[Given data Boundary: Start]

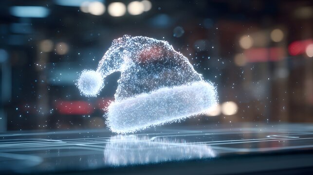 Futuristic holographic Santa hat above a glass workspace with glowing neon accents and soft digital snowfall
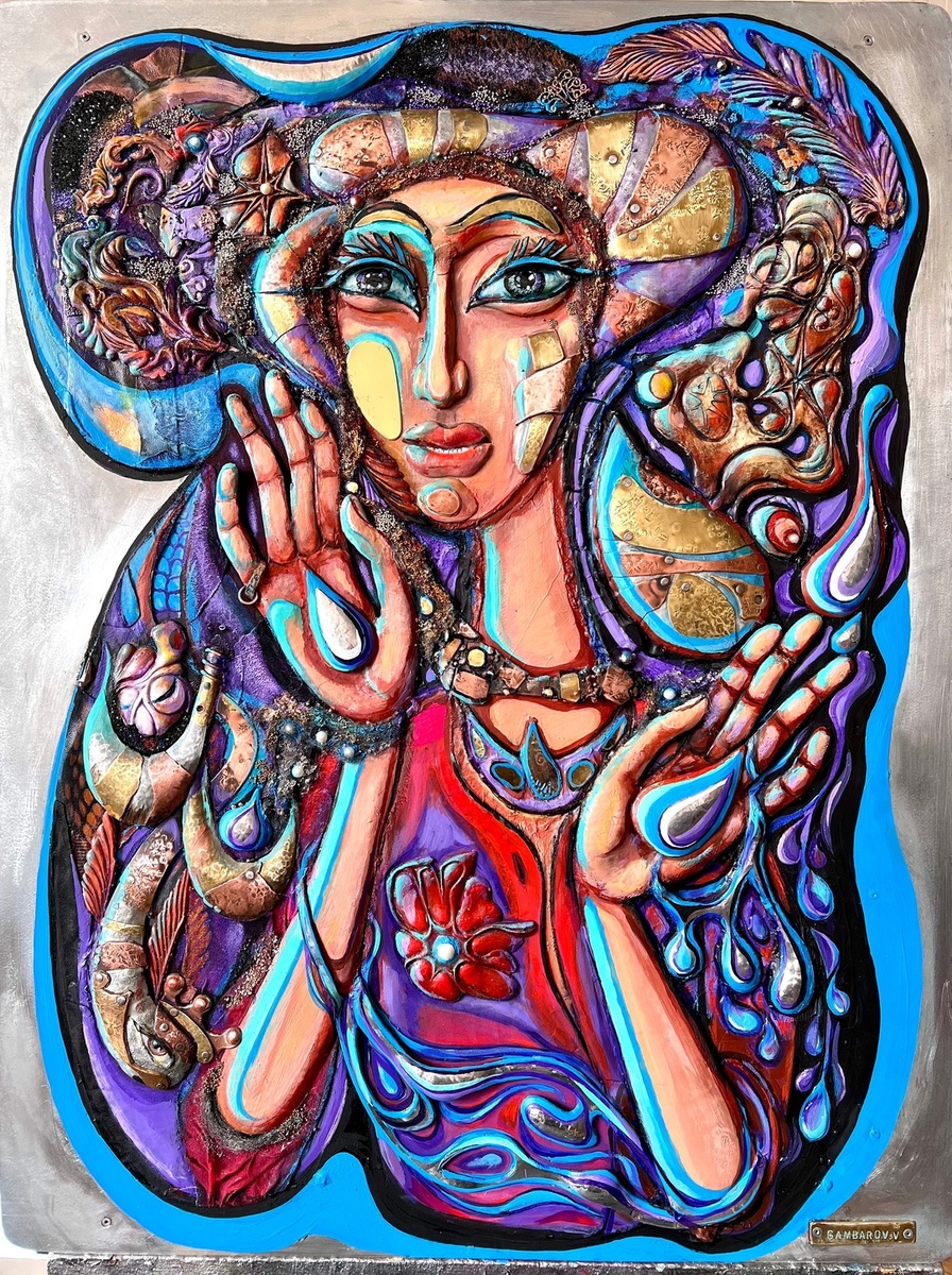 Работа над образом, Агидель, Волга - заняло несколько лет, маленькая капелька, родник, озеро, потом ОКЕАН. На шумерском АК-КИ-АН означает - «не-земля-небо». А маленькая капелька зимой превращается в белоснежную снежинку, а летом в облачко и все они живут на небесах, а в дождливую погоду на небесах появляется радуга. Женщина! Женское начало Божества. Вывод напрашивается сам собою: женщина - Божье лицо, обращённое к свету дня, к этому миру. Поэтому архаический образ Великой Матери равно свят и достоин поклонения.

[Given data Boundary: End]
[Given data Boundary: Start]

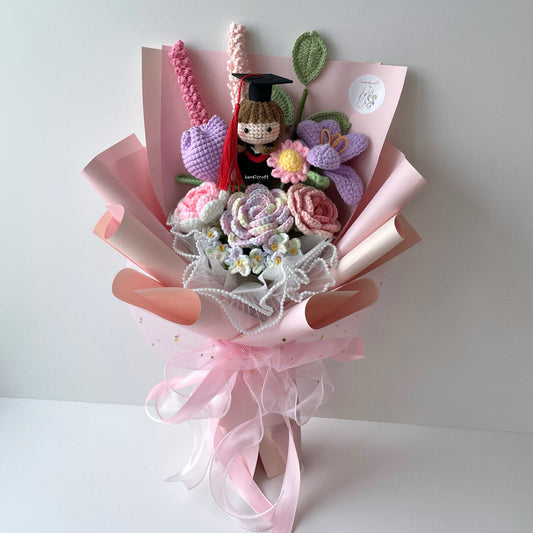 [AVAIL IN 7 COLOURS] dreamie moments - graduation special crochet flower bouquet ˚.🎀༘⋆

[Given data Boundary: End]
[Given data Boundary: Start]

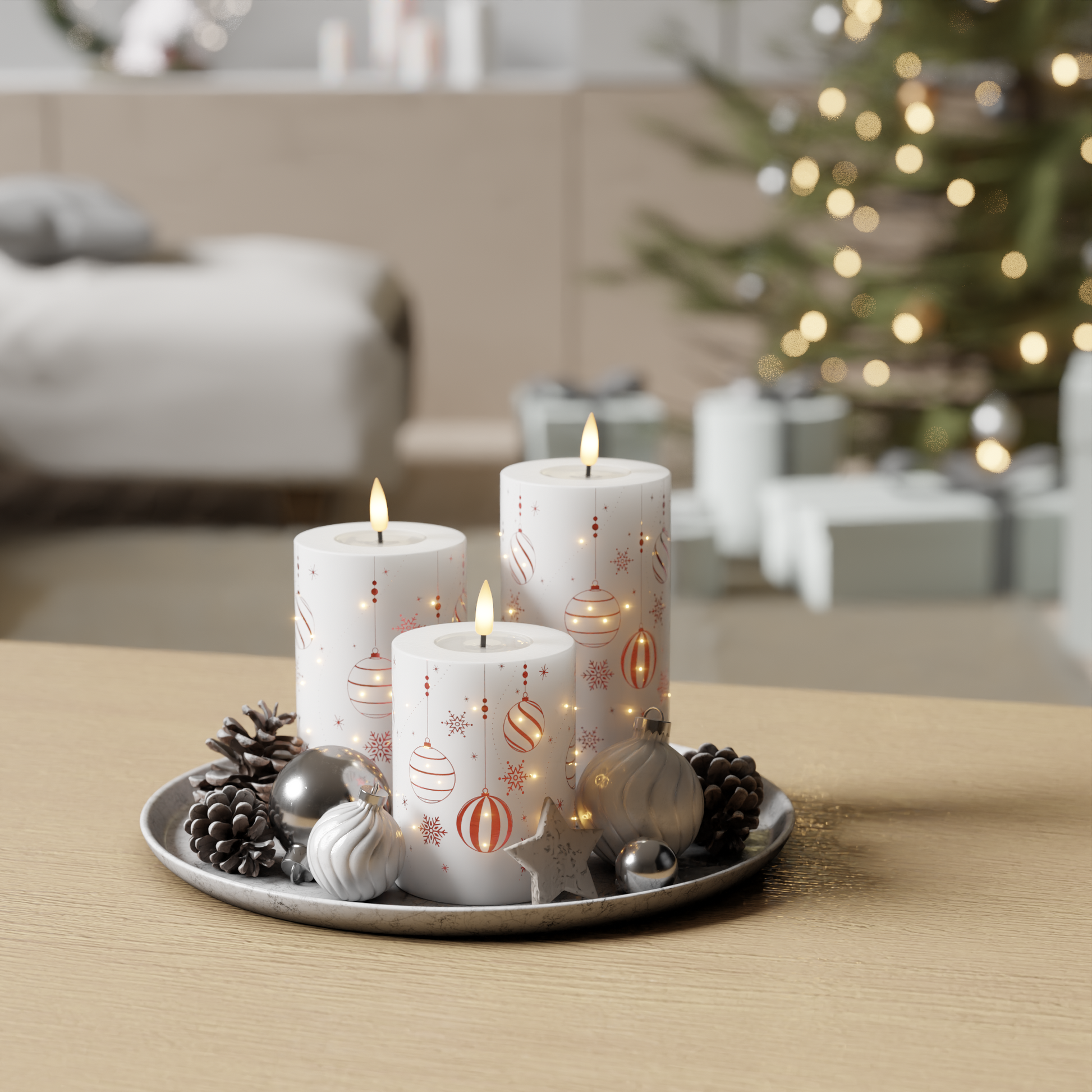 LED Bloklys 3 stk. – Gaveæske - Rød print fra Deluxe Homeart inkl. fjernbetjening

[Given data Boundary: End]

### [Work to complete]
Please return the material above only from the line that holds "Futuristic holographic Santa" through the line that holds "Работа над образом, Агидель, Волга", exactly as it stands, ends included and pictures omitted.

### [Task output]
 Futuristic holographic Santa hat above a glass workspace with glowing neon accents and soft digital snowfall
 Работа над образом, Агидель, Волга - заняло несколько лет, маленькая капелька, родник, озеро, потом ОКЕАН. На шумерском АК-КИ-АН означает - «не-земля-небо». А маленькая капелька зимой превращается в белоснежную снежинку, а летом в облачко и все они живут на небесах, а в дождливую погоду на небесах появляется радуга. Женщина! Женское начало Божества. Вывод напрашивается сам собою: женщина - Божье лицо, обращённое к свету дня, к этому миру. Поэтому архаический образ Великой Матери равно свят и достоин поклонения.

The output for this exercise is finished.